Finding the least number of bits required to represent an Integer in C
Im currently working on writing an encoder to create Gif files, which means I need to implement the compression algorithm used in the Gif format. To save space, Gif files use a variant of LZW compression to reduce the size of their image data. Instead of sending the raw data we can instead send a series of indexes into this dictionary, and let a decoder reconstruct the original data.
LZW algorithms works by creating a dictionary of 'codes' that describe patterns found in the input. The LZW implementation for Gif files use variable length codes to ensure as few bits of data are used as possible.
Example:
If the code dictionary only has 2 entries, a single bit is enough to refer to all indexes.

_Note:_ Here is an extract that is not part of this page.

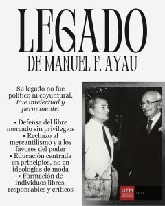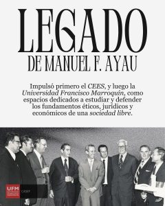 Manuel F. Ayau impulsó primero el Centro de Estudios Económico-Sociales y luego la Universidad Francisco Marroquín como espacios dedicados a estudiar y defender los principios éticos, jurídicos y económicos de una sociedad libre.

When a third entry is added to the dictionary, each subsequent code needs atleast 2 bits to refer to any entry.
As more entries are added to the dictionary, more bits are needed to index it. Therefore, to implement Gif LZW, we need a way to get the exact number of bits needed to represent any number.

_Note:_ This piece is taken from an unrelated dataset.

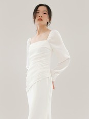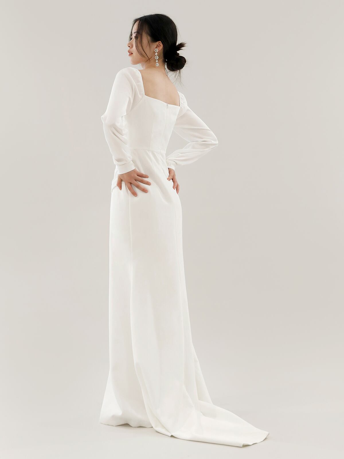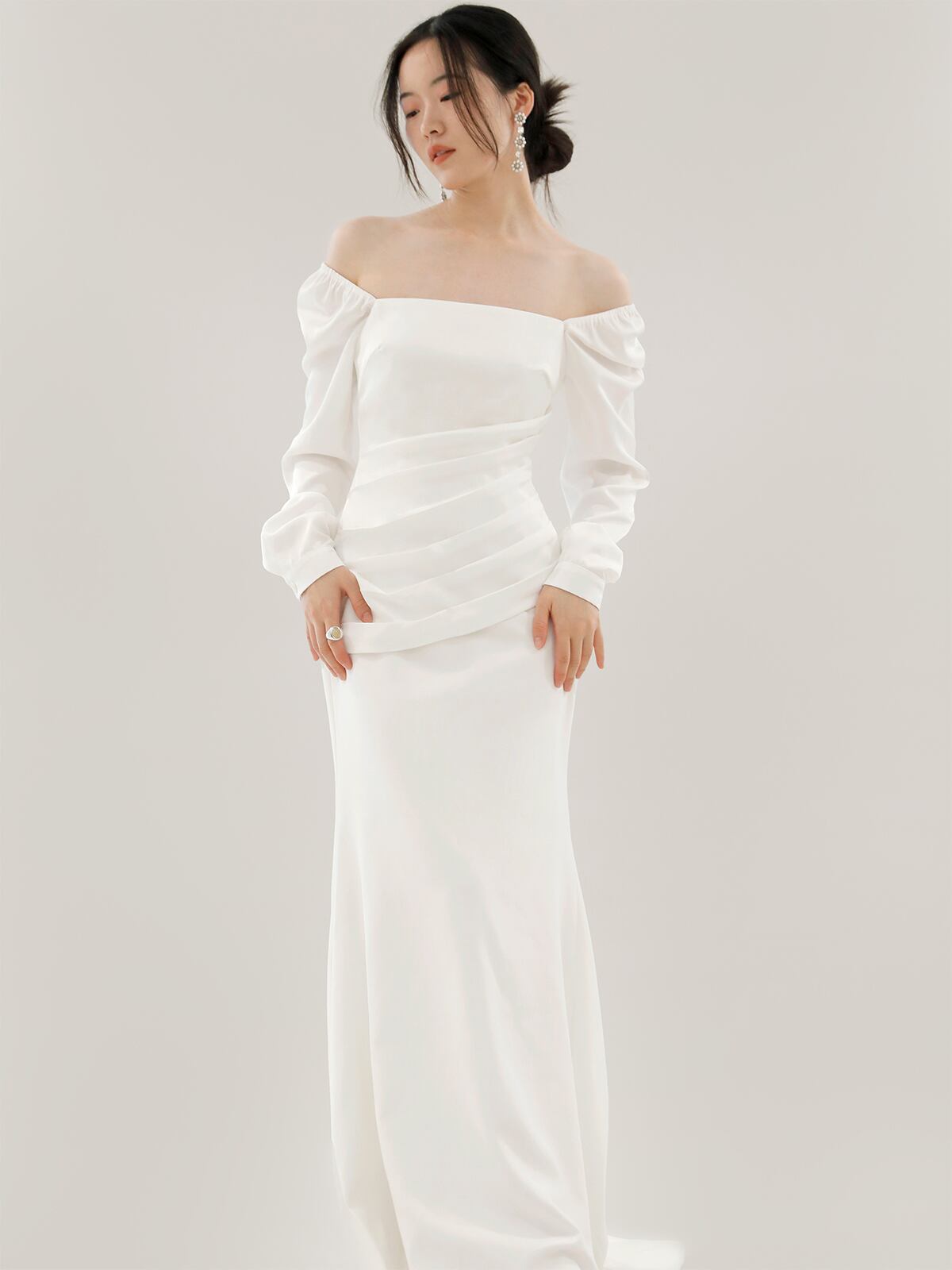 パーティードレス ホワイト オフシェル/スクエアネック 長袖 高品質!結婚式/披露宴/二次会

N^2 represents the largest possible number that N bits can describe, so our problem can be described as:
For any number M, what is the smallest number N, where N^2 >= M;
For fun, and a little curiosity, I wrote and compared 3 functions, comparing them to see if there were any noticable differences in performance.
The experiment
The first function uses a 32 bit integer, where all the bits are set to 1. In a loop, the integer is bitshifted to the right until only one digit remain. The amount of digits remaining is increased by one digit each iteration of the loop, until we have a value greater than or equal to the input.
The seccond function attempts to use a binary search to reduce the number of iterations in the loop. Instead of including one more digit each iteration, it instead tries to include 16 digits. I call these bits the pivot. If 16 digits is too big of a jump, it halves the pivot to 8 bits, then 4, 2, and finaly 1 bit. Instead of returning when the bitshifted value >= input, it returns when the pivot is reduced to 0 bits.

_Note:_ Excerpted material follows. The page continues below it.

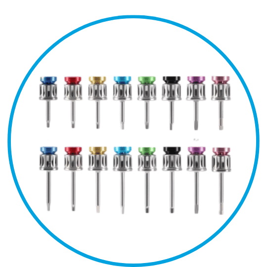 Set completo de 16 puntas (drivers) en versiones largas y cortas, con medidas 1.0, 1.19, 1.2, 1.25, 1.27, 1.4, T-5 y T-6, ofreciendo compatibilidad y versatilidad para diferentes sistemas implantológicos.

The final function is a simple loop where an int is raised to the power of 2. As long as this equation gives a number smaller than the input, we increment the int by 1.
Since we can pass pointers to functions in C, we can write a function to time the execution of any given function. To get a measurable number in MS, we run each function several thousands of times. Each of the thousands of runs we generate a random Int as the input. The functions generating the random integers can also be customized to favor smaller or larger numbers, so we can test how the performance is affected by the size of the input int.